Sesko as Patient Zero
In many ways, Benjamin Sesko feels like the archetype in this respect, a player inextricably trapped between football's two countervailing, unavoidable forces. The imperative to delay final conclusions, to let technical development and strategic understanding to mature. And the demand to generate instant verdicts, a conveyor belt of opinions and jokes, out-of-context criticisms and pointless contrasts, a square that can not truly be circled.
It is not my aim to provide a substantive analysis of Sesko's stint at United so far. He has been in the lineup four times in the top flight in a highly unpredictable team, scored two goals, and had a mere of 116 contacts with the ball. What precisely are we evaluating? Nor will I attempt to replicate Gary Neville's and Ian Wright's seminal masterwork "The Sesko Debate", in which two of England's leading pundits duel passionately on a popular show over whether Sesko needs 10 goals to be deemed successful this year (one pundit), or whether it is more like twelve or thirteen (the other).
A Harsh Reality
Despite this I loved watching Sesko at Leipzig: a powerful, fast sports car of a forward, playing in a team ideally suited to his abilities: afforded the license to rampage but also the freedom to miss. And in part this is why Manchester United feels like the cruellest place he could possibly be at the moment: a place where "brutal verdicts" are summarily issued in about the time it takes to watch a pre-roll ad, the club with the largest and most ruthless gulf between the time and air he needs, and the time and air he is likely to receive.

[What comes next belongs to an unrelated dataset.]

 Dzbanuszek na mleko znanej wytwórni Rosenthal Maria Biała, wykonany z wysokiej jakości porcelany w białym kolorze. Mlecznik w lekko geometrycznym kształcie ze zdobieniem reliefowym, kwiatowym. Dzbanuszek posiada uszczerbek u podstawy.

We saw an example of this during the national team pause, when a viral infographic handily stated that the player had been judged – decisively – the poorest acquisition of the summer transfer window by a survey of football representatives. And of course, the press are by no means alone in this. Club channels, influencers, unidentified profiles with a suspiciously high number of pornbot followers: all parties with skin in the game is now essentially operating along the same principles, an environment deliberately geared for controversy.
The Psychological Toll
Endless scrolling and tapping. What are we doing to us? Are we aware, on any level, what this endless stream of aggravation is doing to our minds? Quite apart from the inherent strangeness of playing in the center of this, knowing on some surreal butterfly-effect level that every single thing about them is now essentially material, commodity, open-source property to be packaged and exchanged.

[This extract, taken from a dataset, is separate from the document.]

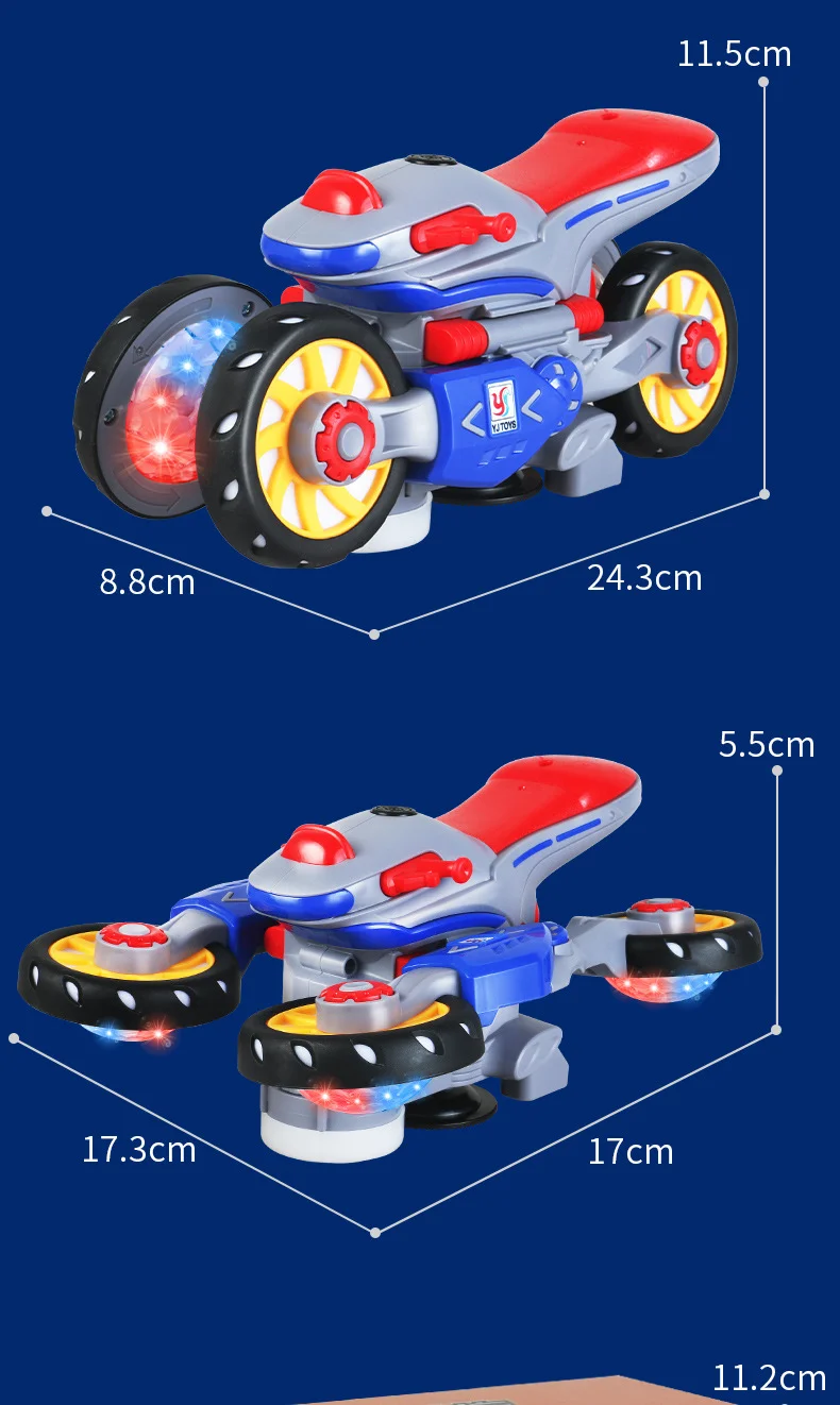 Inspirująca kreatywność - muzyczny motocykl dla dzieci nie tylko wygląda fajnie, ale jego konstrukcja przyciąga uwagę dzieci dzięki jasnej, olśniewającej lampie błyskowej LED i dynamicznym efektom muzycznym. Dzięki wielofunkcyjnej konstrukcji „trzy w jednym” muzyczny samochodzik z pewnością stanie się ulubioną zabawką dzieci, stymulując ich kreatywność, zapewniając jednocześnie poczucie spełnienia i szczęścia.

Indeed, in part this is because it's Manchester United, the corpse that continues to feed the cycle, a big club that must always be generating the big feelings. However, in part this is a seasonal affliction, a swing of judgment most visibly and harshly glimpsed at this time of year, about a month after the window has closed. All summer long we have been desiring footballers, praising them, salivating over them. Yet, only a handful of games later, a lot of those same players are already being dismissed as failures. Is it time to worry about Jamie Gittens? Was Arsenal's purchase of Viktor Gyökeres necessary? What was the purpose of Randal Kolo Muani?
A Wider Issue
It seems fitting that Sesko meets their rivals on the weekend: a team at once on a long unbeaten run at their stadium in the Premier League and somehow in their own situation of perceived turmoil, like filing a missing person’s report on a person who popped to the store half an hour ago. Too open. Their star finished. Alexander Isak an expensive flop. The coach losing his hair.
Maybe we have not yet quite grasped the way the storyline of football has begun to supplant football the actual game, to influence the way we watch it, an whole competition repivoted around talking points and immediate responses, something that happens in the background while we browse through our devices, unable to detach from the constant flow of takes and more takes. It may be this player bearing the brunt at present. However, we're all sacrificing something in this process.